Archiv der Jugendkulturen „Jugendkulturen sind immer gleich politisch“

Archiv der Jugendkulturen
Archiv der Jugendkulturen | Foto (Ausschnitt): Anna Mayrhauser

Ein Besuch im Archiv der Jugendkulturen in Berlin hilft seit 15 Jahren über Vorurteile hinweg.
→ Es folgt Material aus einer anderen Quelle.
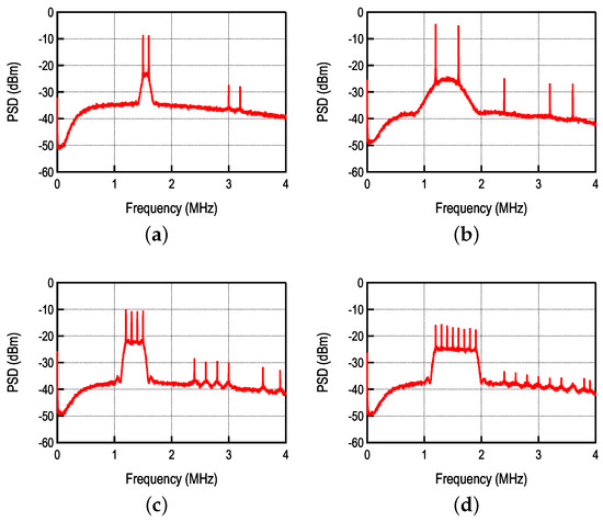 Demodulated spectrum for different symbol rates and different sub-carrier modulation complexity: (a) 100 kb/s, 2-FSK modulation; (b) 400 kb/s, 2-FSK modulation; (c) 100 ksym/s, 4-FSK modulation and (d) 100 ksym/s 8-FSK modulation.
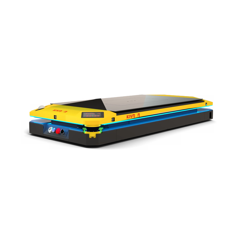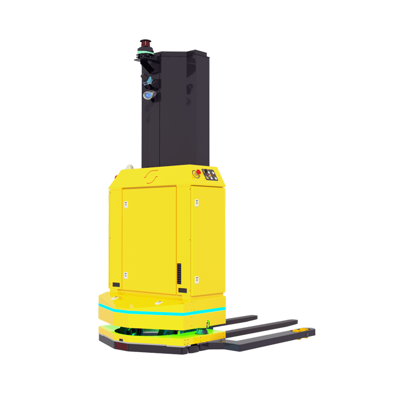 Robot compacto e robusto para transporte de carga, adequado para ambientes de armazenamento densos, com design slim para facilitar a navegação em espaços apertados.
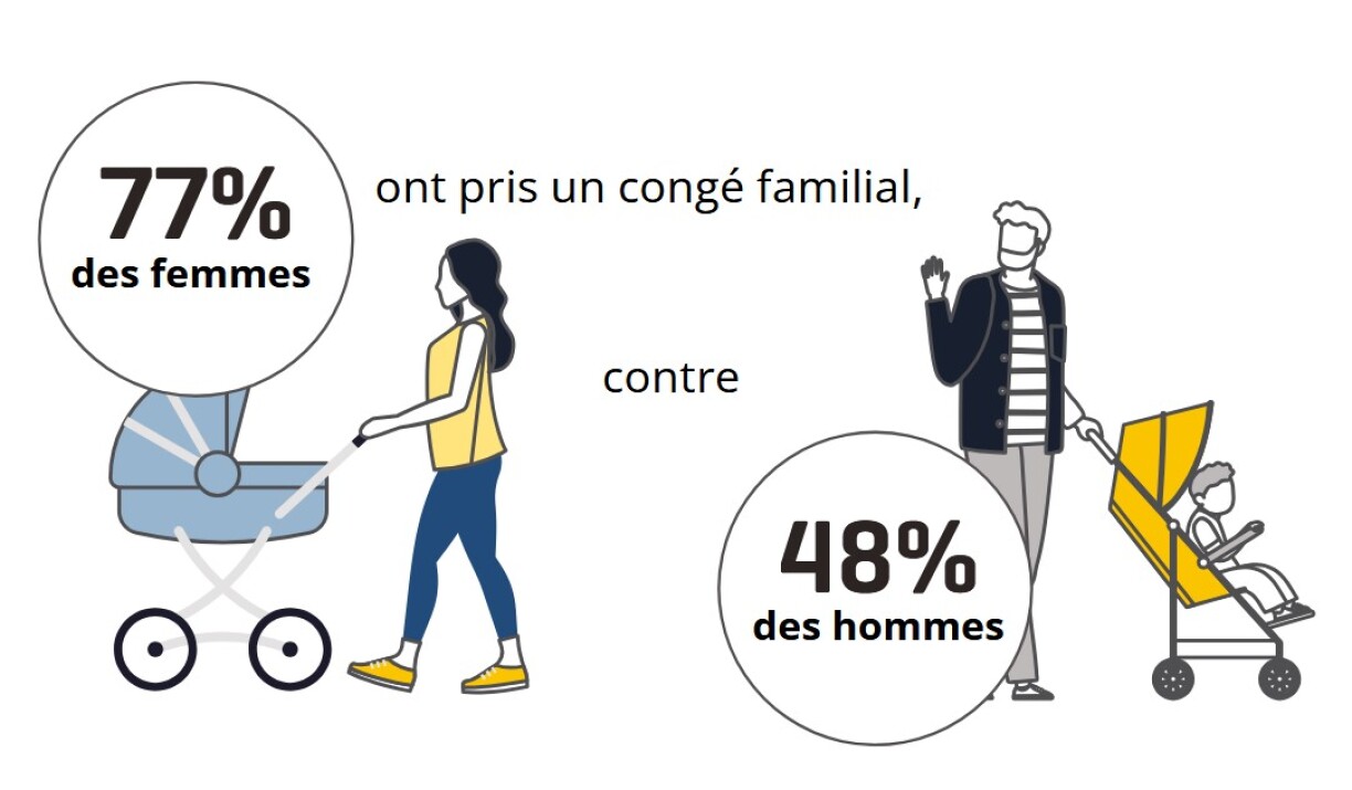 Le constat s'étend aux diverses interruptions de travail (pour assurer la garde d'un enfant ou la prise en charge d'un proche) : 61% des femmes ont dû s'adapter, alors que moins de la moitié des hommes a fait évoluer sa situation professionnelle pour cette raison (45%).
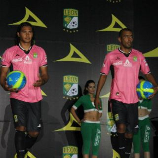 CIUDAD DE MÉXICO (23/JUL/2012).- Los Esmeraldas de León sorprendieron en la presentación de su uniforme para el torneo Apertura 2012 de la Liga MX, pues, además de los tradicionales en verde, el de local; y blanco, de visitante, anunciaron un tercero, en rosa.
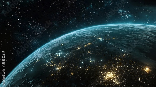 Fototapeta premium Global network nodes connecting continents on a nighttime Earth from space
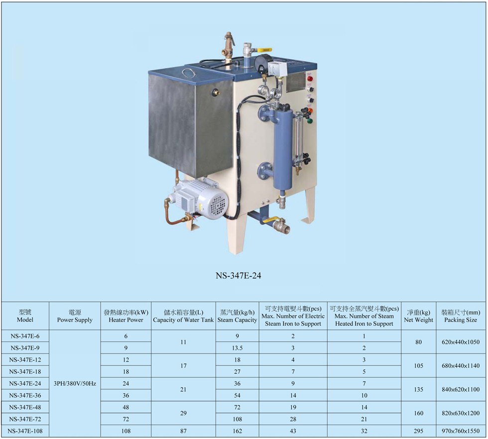 5. 根據(jù)不同的熨斗規(guī)格或蒸汽使用設(shè)備選擇相應(yīng)的蒸汽鍋爐,以滿足熨燙、加熱或其它需求
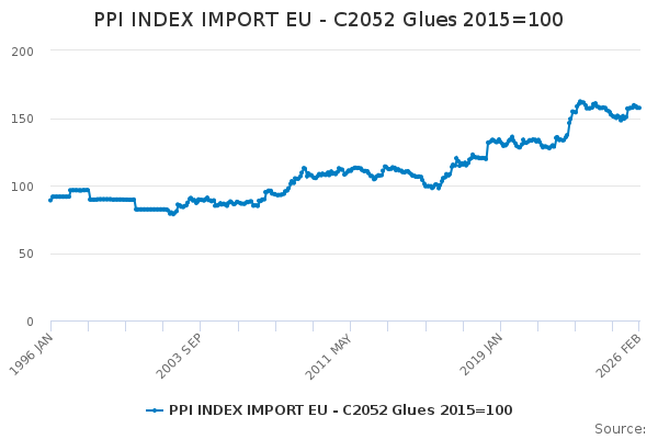 Download this time seriesPPI INDEX IMPORT EU - C2052 Glues 2015=100

„Am beliebtesten bei den Jugendlichen ist unser Bravo-Archiv“, erzählt Nicola Wolf und lacht. Tatsächlich liegt auf einem Tisch in der Bibliothek eine Ausgabe der Jugendzeitschrift Bravo von 1981. Aufgeschlagen ist, wie könnte es anders sein, die „Dr. Sommer“-Seite, die sich Fragen rund um die Themen Liebe und Sexualität widmet. Damals stellten die Jugendlichen ihre Fragen gerade an Dr. Jochen. „Hilfe, alle in meiner Gruppe fixen“, aber auch „Für meine Note fünf werde ich doppelt bestraft“, heißt es da.

Jugend, Medien und Klischees

Archiv der JugendkulturenNicola Wolf ist 30 Jahre alt und kümmert sich beim Archiv der Jugendkulturen in Berlin um die Pressearbeit und das Medienprojekt „Eigenregie“, für das Jugendliche Zeitzeugen interviewen. Wie die meisten Mitarbeiter des Archivs fühlt sich auch Nicola Wolf einer Jugendkultur nah. In ihrem Fall ist es die Graffiti-Szene.

Untergebracht auf dem Gelände einer ehemaligen Bierfabrik in Kreuzberg feierte das Archiv der Jugendkulturen im Sommer 2013 seinen 15. Geburtstag. In den 1990er-Jahren habe es in den Medien das Thema Jugendkulturen betreffend viel Unwissen gegeben, erklärt Nicola Wolf. Auch aus diesem Impuls heraus wurde das Archiv gegründet. Klischees wollte man mit Material und Kommunikation entgegenkommen.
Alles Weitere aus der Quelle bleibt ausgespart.